Most of the eukaryotic differentiation processes are unidirectional. However, fungi have the ability to grow reversibly as unicellular yeast (Y) or as filamentous hypha (H) in response to the specific strain-dependent environmental stimuli. Such a phenomenon known as “dimorphism” is not limited to a specific class of fungi. Most of the plant, human, and insect pathogenic fungi show Y-H and reversible morphogenesis, associated with their saprophytic to pathogenic change, for survival and proliferation in the host. In this chapter, we have described the factors stimulating dimorphism, the signal transduction pathways induced by these stimuli, changes in the gene/protein expression patterns due to a cascade of these signals, and, finally, translation of this genotypic effect into phenotypic change, i.e., the morphological outcome.
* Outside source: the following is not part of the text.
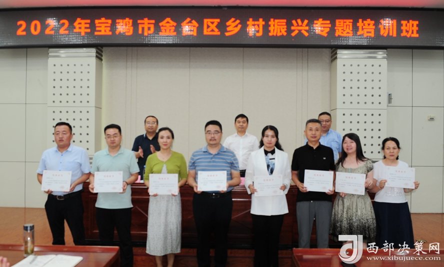 西部決策網訊 8月6日下午,為期三天的“2022年寶雞市金臺區(qū)鄉(xiāng)村振興專題培訓班”結束了!60余學員順利的拿到了結業(yè)證。寶雞文理學院經濟管理學院院長、陜西鄉(xiāng)村振興研究中心主任劉輝;金臺區(qū)政府副區(qū)長郭小軍出席了結業(yè)儀式。參加結業(yè)儀式的還有金臺區(qū)鄉(xiāng)村振興局主要負責人、分管領導,各鎮(zhèn)涉農街道黨(工)委書記和鄉(xiāng)村振興工作分管領導,區(qū)委實施鄉(xiāng)村振興戰(zhàn)略領導小組和區(qū)委抓黨建促鄉(xiāng)村振興領導小組各成員單位分管領導。結業(yè)儀式由金臺區(qū)鄉(xiāng)村振興局局長鄭偉平主持。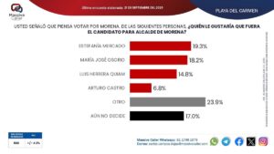 EN PLAYA DEL Carmen, el sondeo perfila un escenario claro: Estefanía Mercado -en caso de querer reelegirse- lidera con 19.3 % de respaldo interno gracias a una gestión visible y bien evaluada, seguida muy cerca por María José Osorio con 18.2 %, empujada por la estructura verde, y Luis Herrera Quiam, el secretario municipal y líder de los taxistas playenses, con 14.8 %, capitalizando su rol operativo en el municipio.

The process of fungal differentiation and formation of tumor cells follow the same regulatory series of events, involving cAMP, MAP, and RAS kinase cascades. Therefore, the molecules inhibiting Y-H transition in fungi can be explored for their anticancer potential.


Antifungal Dimorphic stimuli Dimorphism Hyphae Signaling Yeast cells 



MVD is grateful to CSIR, New Delhi, for the Emeritus Scientist Scheme [21(0962)/13/EMR2] and the Department of Biotechnology (DBT-BIRAC), New Delhi, for financial support.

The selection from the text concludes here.